We have to move the conditional from the cache to the dataProvider unfortunately, but it isn’t terrible thanks to some Javascript syntax magic. Here is what the cache looks like now:

// cache.js

module.exports = {
  get: function(key) {
    return this[key];
  },

  set: function(key, value) {
    this[key] = value;
    return this[key];
  }
}

Here is the result of running this code:

$ node main.js

performing query for: a, timeout: 1253
performing query for: b, timeout: 1863
result: done with query for: a, timeout: 1253
        done with query for: a, timeout: 1253
        done with query for: b, timeout: 1863
        done with query for: a, timeout: 1253
        done with query for: b, timeout: 1863
It took 1867 ms to run

This is great, we only perform the query 1 time for each unique project ID. But we get the results for each one to operate on at our leisure.

You might be thinking that we could have left the implementation we had before if we just passed the function inside the promise to the cache - then created the promise from within the cache when it is needed. That does work but there are 2 problems: the generic cache becomes a promise cache; and often times, the promise is created for you by another module and you can’t (or don’t want to) do the caching at that low of a level.

If the promise is being created elsewhere, our dataProvider ends up looking like the following, which is not bad:

// dataProvider.js

let cache = require('./cache.js');
let db = require('db');

module.exports = {
  getProjectData: function(projectId) {
    let key = `project-${projectId}`;
    return cache.get(key) || cache.set(key, db.query(projectId));
  }
}

Express

If you put the code above inside a controller action of an Express application, you’ll notice that the first request will fetch the data once as expected but all future requests will load the data from the cache. To prevent this behavior we have to invalidate the data at some point.

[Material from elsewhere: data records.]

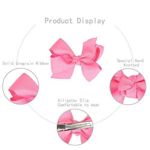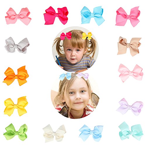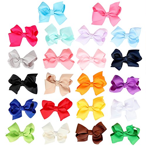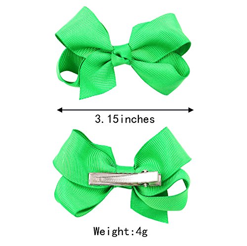 Specification: Hair bow size: approx. 3 inch / 8cm Grosgrain ribbon: approx. 1 inch/2.5cm(width) Clip type: Alligator hair clips Quantity: 22 solid colors WARNING: Small parts can choke a child if they become detached,adult supervision required!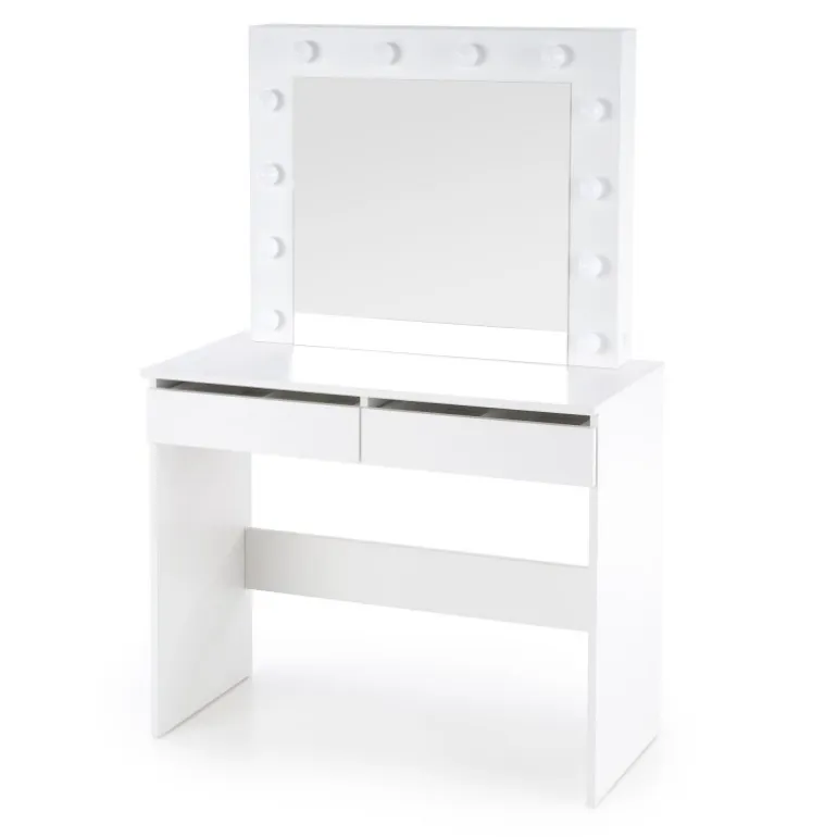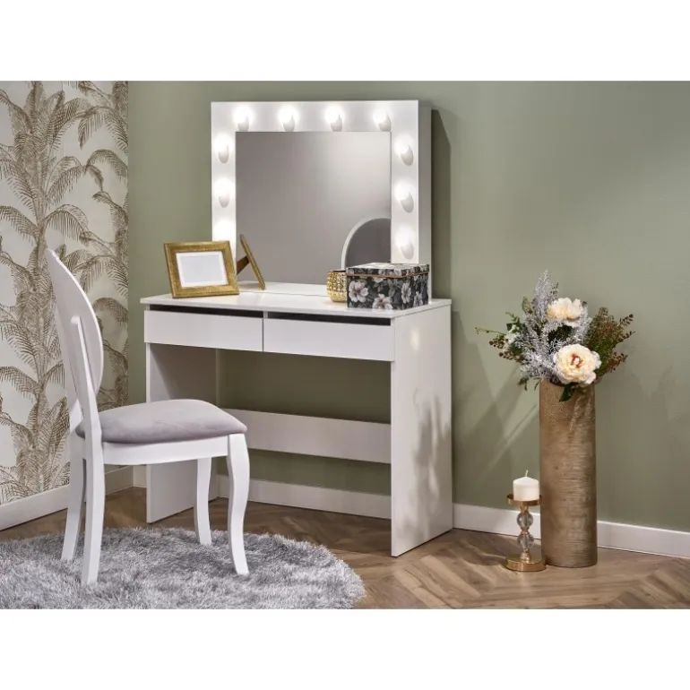 HOLLYWOOD Sminkebord med spejl i hvid farve er det perfekte valg til dit soveværelset. Moderne design kombineret med funktionalitet gør dette bord ideelt til både at smikne sig og studier. Bordpladen er lavet af lamineret spånplade, der sikrer holdbarhed og let vedligeholdelse. Med LED-lys integreret i designet får du en stilfuld og praktisk løsning, der lyser dit arbejdsområde op. Med dimensionerne 94/43/140 cm passer dette Sminkebord perfekt ind i de fleste rum, og dets hvide finish tilføjer et elegant touch til enhver indretning.
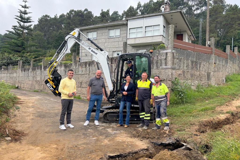 La alcaldesa de Mos, Nidia Arévalo, y sus tenientes de alcalde, Camilo Grandal y Leo Costas, visitaron las obras de acometida de la red de saneamiento en el Camino de Ansar que desde el Ayuntamiento se están realizando con fondos propios municipales, y en las que se está estrenando la nueva mini excavadora que la administración local adquirió gracias a la concesión de una subvención, a través de la Línea 1 del Plan +Provincia de la Diputación de Pontevedra. El importe de la ayuda, que financia la totalidad del importe de la maquinaria, asciende a 60.560,50 euros.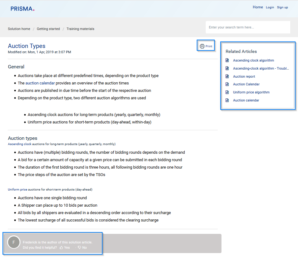 - It is possible to print each article in our knowledge base.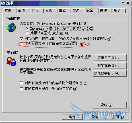 另外:有些朋友反映OE收信时打不开附件。可以按以下步骤来解决。在OE菜单里点击“工具--选项”。然后转到安全选项,在病毒防护下面的“不允许保存或打开可能有病毒的附件”(如图3)前的对勾去掉就可以把附件打开了。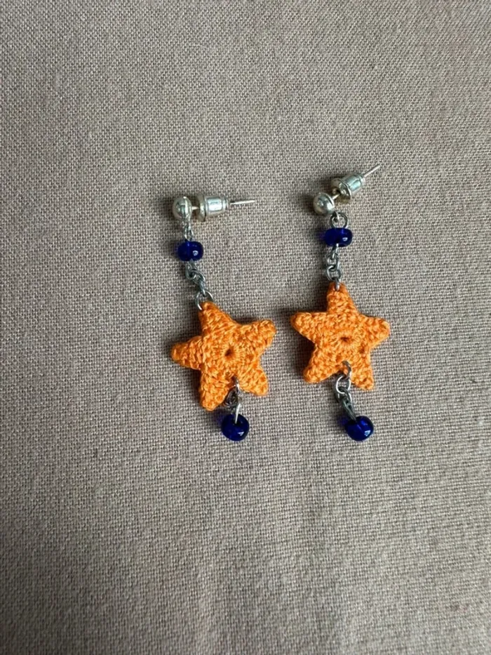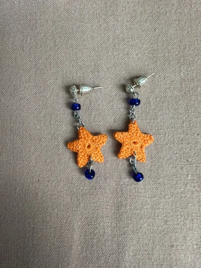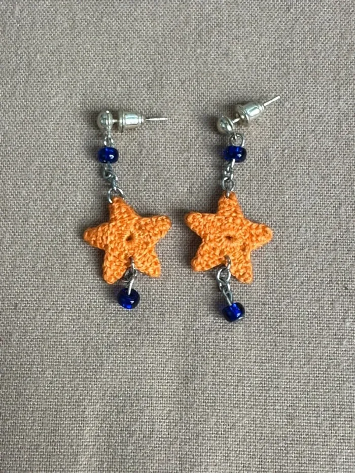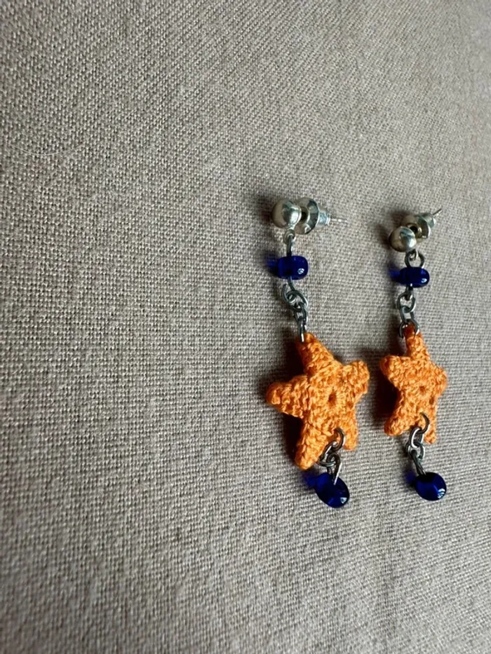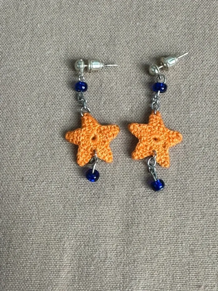 Vends Boucles d'oreille étoile orange au crochet et petit strass bleu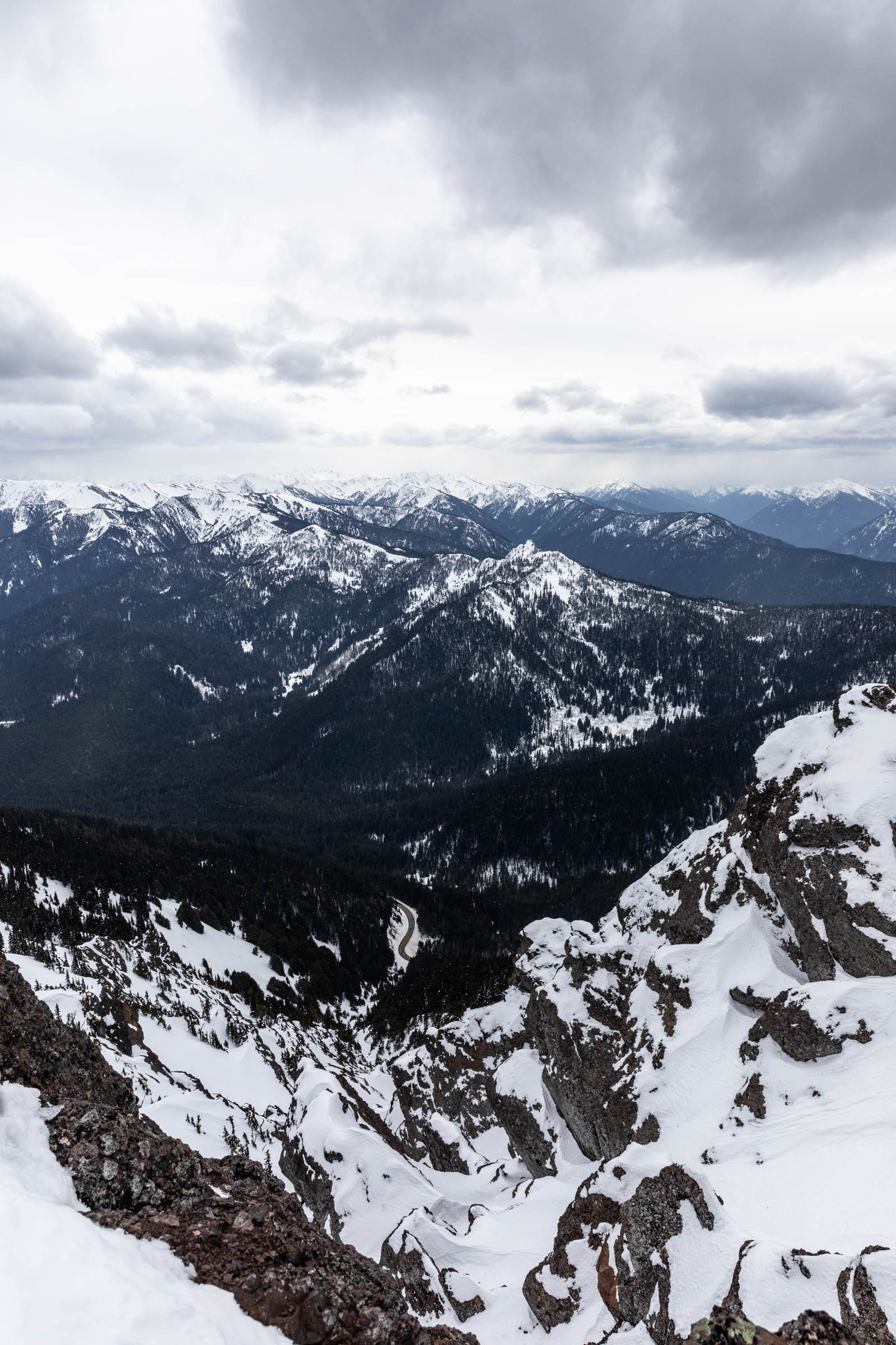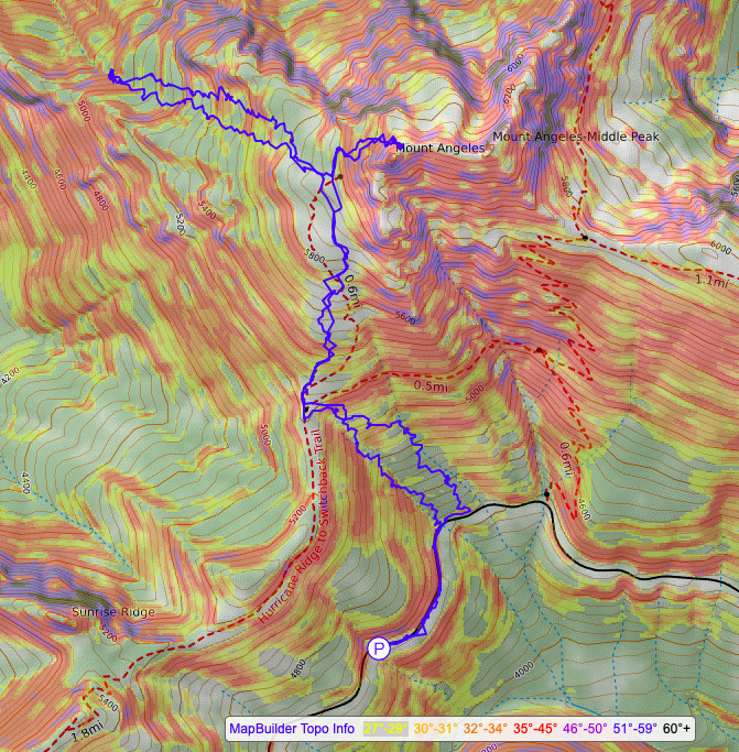 I lead most of the way up, setting a nice mellow skin track. If you were to zoom in on the tracks, you could see where that happens – from going straight up the mountain to the mellow back and forth. Great kick turn practice for everyone! We continued up past our old skin tracks and up towards the summit of Mount Angeles. I was doubtful that we could easily cross the ridge. I’ve been burned one too many times with winter ridges and ridges in the Olympics. To me, this combination of both meant pokey rocks that create impasse. We started booting up the last pitch of steep 40 degree snow. But when we peered over the ridge, we realized that it required very good technical skiing skills (i.e. jump turns) or down climbing steep snow, which was no bueno for me without an ice axe. The other methods we considered were equally unappetizing. So after a restful ridge top break and scouting, we called it a day for heading straight back to the car so we had enough time to get out before the national park gates closed on us.
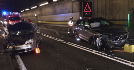Nell'incidente, che si è verificato nella parte urana del tunnel, i due conducenti sono rimasti feriti in modo grave e sono stati trasportati all'ospedale.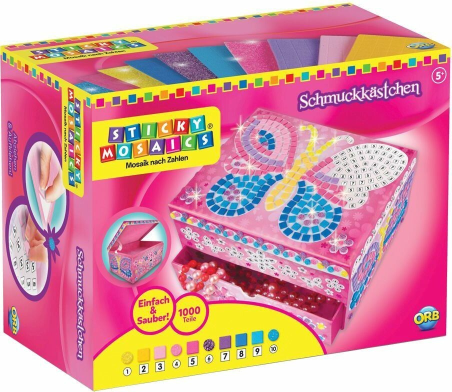 Mit Sticky Mosaics entstehen tolle Wohnaccessoires in Mosaiktechnik. Gestalte dein eigenes funkelndes Schmuckkästchen für deine Schätze. Inhalt: Schmuckkästchen, ca. 1000 funkelnde Fliesenplättchen und Juwelen (selbstklebend). Ab 5 Jahren.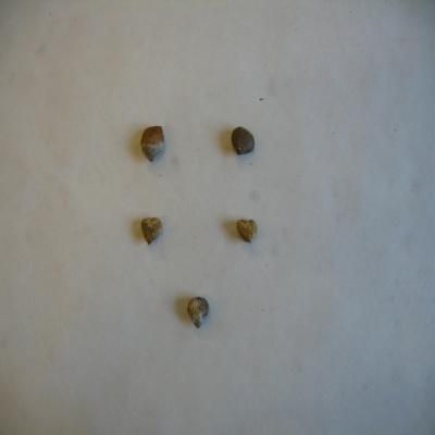 Cinco ejemplares completos unidos, algo fosilizados. En general forma triangular-oval o redondeada. Una de las valvas posee una especie de vértice que cubre un poco la otra valva. En general costillas radiales. Colores grisáceos o pardos. Superficies bastante deterioradas.

Another challenge is that if we simply invalidate, but do not remove the data (say by using a time property and checking the retrieval time against that property), we will introduce a memory leak. That is because the cache will be loaded once then held in memory for as long as the referencing object is held (which seems to be forever in a controller or any object the controller references). Any data created in the cache will also stick around forever.

Invalidating Cache

Because of the two concerns outlined above, we need to add a single line of code to the cache with the following result:

// cache.js

module.exports = {
  get: function(key) {
    return this[key];
  },

  set: function(key, value) {
    this[key] = value;
    setTimeout(() => delete this[key], 1000);
    return this[key];
  }
}

Now we get the expected behavior. Each time a page is loaded, the data is retrieved exactly once for each unique project ID. I set the invalidation time to 1 second (1000 milliseconds) because I only want the cache to survive a single request. Remember, the goal is to get something similar to Rails memoization, not a complete caching system. Of course, you can set the time to whatever is appropriate for your needs.

Conclusion

Caching can create just as many problems as it solves. As such, these strategies should be used with caution and care. That said, it is great way to boost the performance of your app. And lots of tools including databases, browsers, and servers all over the world use caching to speed up performance.

I’ve shown a quick and dirty implentation of a Javascript memoization/caching technique that gets the job done. There are several caching systems out there dedicated to solving this problem in a feature rich and more involved way (think Memcached or Redis). If you’re not looking for a solution that heavy, I hope this has helped.